<SEQUENCER /> <tom.TOA />
The Total Order based protocol is a multi-master scheme (in this context, multi-master scheme means that all nodes can update all the data) as the (optimistic/pessimist) locking model implemented in Infinispan. This commit protocol relies on the concept of totally ordered delivery of messages which, informally, implies that each node which delivers a set of messages, delivers them in the same order.
This protocol comes with this advantages.
transactions can be committed in one phase, as they are delivered in the same order by the nodes that receive them.
it mitigates distributed deadlocks.
The weaknesses of this approach are the fact that its implementation relies on a single thread per node which delivers the transaction and its modification, and the slightly higher number of messages exchanged by JGroups.
Thus, this protocol delivers best performance in scenarios of high contention, in which it can benefit from the single-phase commit and the deliver thread is not the bottleneck.
Currently, the Total Order based protocol is available only in transactional caches for replicated and distributed modes.
The Total Order based commit protocol only affects how transactions are committed and it depends of the isolation level configured, more precisely the write skew check. Note that it only provides the same isolation levels as the locking model, i.e. read-committed and repeatable-read. If the write skew check is not enabled, then all the transaction are committed in one phase (independently if Infinispan is enlisted as Synchronization or XaResource). In this case, the isolation level is not violated because it is ensured during the transaction execution. Also the transactions always commit successfully because they do not need to perform any validation in prepare phase.
On other hand, when write skew check is enabled, the protocol adapts using one phase commit when it is safe. However, if Infinispan is enlisted as Synchronization, it always commit in two phases, because the Transaction Manager does not provide any information if Infinispan is the only resource enlisted or not. In XaResource enlistment, we can use one phase if the Transaction Manager request a commit in one phase (i.e. one-phase optimization, usually used when the transaction has a single XaResource registered, see XaResource.commit()) and the Infinispan cache is configured in replicated mode or in distributed mode (the last one, when the writeSkew==false). This optimization is not safe in distributed mode when writeSkew==true because each node performs the validation in different keys subset.
When the transaction ends, Infinispan sends the transaction (and its modification) in total order. This ensures all the transactions are deliver in the same order in all the involved Infinispan nodes. As a result, when a transaction is delivered, it performs a deterministic validation over the same state, leading to the same outcome (transaction commit or rollback). Also, if the transactional mode is configured with syncCommitPhase==false, the node that sent the transaction still needs to wait for the self-deliver of the transaction because it needs to know the transaction outcome.
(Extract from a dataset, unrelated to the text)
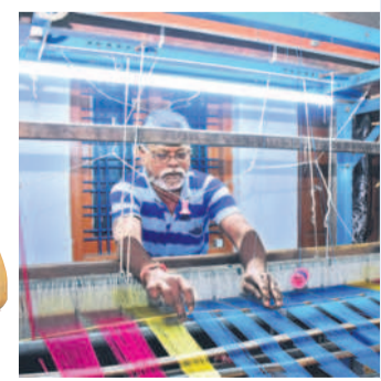
అనుబంధ కార్మికుల కుదింపు

నేతన్నలను గత బీఆర్ఎస్ ప్రభుత్వం అన్ని విధాలుగా అడుకుంటూ అండగా నిలిచింది. బతుకుదరువు కోసం వలసలు వెళ్ళిన కార్మికులు తిరిగి సగ్గలామాలకు వచ్చి ఉపాధి పొందేలా చేయాలనేది. నేతన్నల సామాజిక భద్రత కోసం అప్పటి ముఖ్యమంత్రి కేసీఆర్ చేనేత పాదుపు పథకానికి శ్రీకారం చుట్టారు. 2017, 2021లో విజయవంతంగా పథకం కొనసాగించారు. నేతన్నలకు ఆర్థికంగా ఎంతో ఆసరాగా నిలిచింది. దీని ద్వారా ప్రభుత్వం నిలకు రూ. 400 వరకు చెల్లించే పాదుపులో 11వేల మంది కార్మికులు చేనేత పాదుపులో నమోదు చేసుకున్నారు. వారందరికీ సీమీ వ్యవధి ముగిసా ఒక్కొక్క కుటుంబానికి రూ. 2 లక్షల వరకు సాయం అందింది.
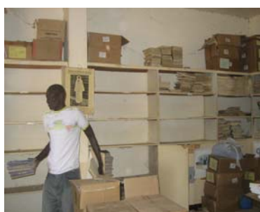
Figure 3: Déplacement de la collection

Nous avons muni la bibliothèque d'un ordinateur comprenant le logiciel Book'in 11 ainsi que l'encyclopédie Encarta et Encarta junior, toutes deux offertes gratuitement par le magasin d'informatique où nous avons acheté les ordinateurs. Par ailleurs, chaque ordinateur acheté a été pourvu du logiciel Book'in et des deux encyclopédies.

In other hand, it does not need to wait for the replies from other nodes because they will reply with the same outcome. Although, if syncCommitPhase==true, it needs to wait for the replies in order to respect the semantic of the flag.
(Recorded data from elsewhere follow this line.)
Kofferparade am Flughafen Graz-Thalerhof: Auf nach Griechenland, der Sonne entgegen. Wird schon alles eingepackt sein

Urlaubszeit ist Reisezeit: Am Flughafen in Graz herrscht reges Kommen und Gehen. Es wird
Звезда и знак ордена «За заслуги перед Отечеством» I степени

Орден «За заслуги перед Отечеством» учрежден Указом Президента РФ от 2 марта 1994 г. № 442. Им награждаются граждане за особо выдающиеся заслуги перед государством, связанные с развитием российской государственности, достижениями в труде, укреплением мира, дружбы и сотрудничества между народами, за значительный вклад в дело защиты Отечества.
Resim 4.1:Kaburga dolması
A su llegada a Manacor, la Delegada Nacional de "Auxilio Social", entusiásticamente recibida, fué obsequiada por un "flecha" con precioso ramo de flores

The figure above demonstrates a high level example with 3 nodes. Node1 and Node3 are running one transaction each and lets assume that both transaction writes on the same key. To make it more interesting, lets assume that both nodes tries to commit at the same time, represented by the first colored circle in the figure. The
blue
circle represents the transaction tx1 and the
green
the transaction tx2. Both nodes do a remote invocation in total order (to-send) with the transaction's modifications. At this moment, all the nodes will agree in the same deliver order, for example, tx1 followed by tx2. Then, each node delivers tx1, perform the validation and commits the modifications. The same steps are performed for tx2 but, in this case, the validation will fail and the transaction is rollback in all the involved nodes.
The first phase is the same as described above except that the nodes will not apply the modifications after the validation, including the modifications sent in total order and the same scheme to wait for the replies. As soon as it has the confirmation that all keys are successfully validated, it give a positive response to the Transaction Manager (remember that the Transaction Manager is responsive to invoke the prepare() of the transaction). On other hand, if it receives a negative reply, it returns a negative response to the Transaction Manager. Finally, the transaction is committed or aborted in the second phase depending of the Transaction Manager.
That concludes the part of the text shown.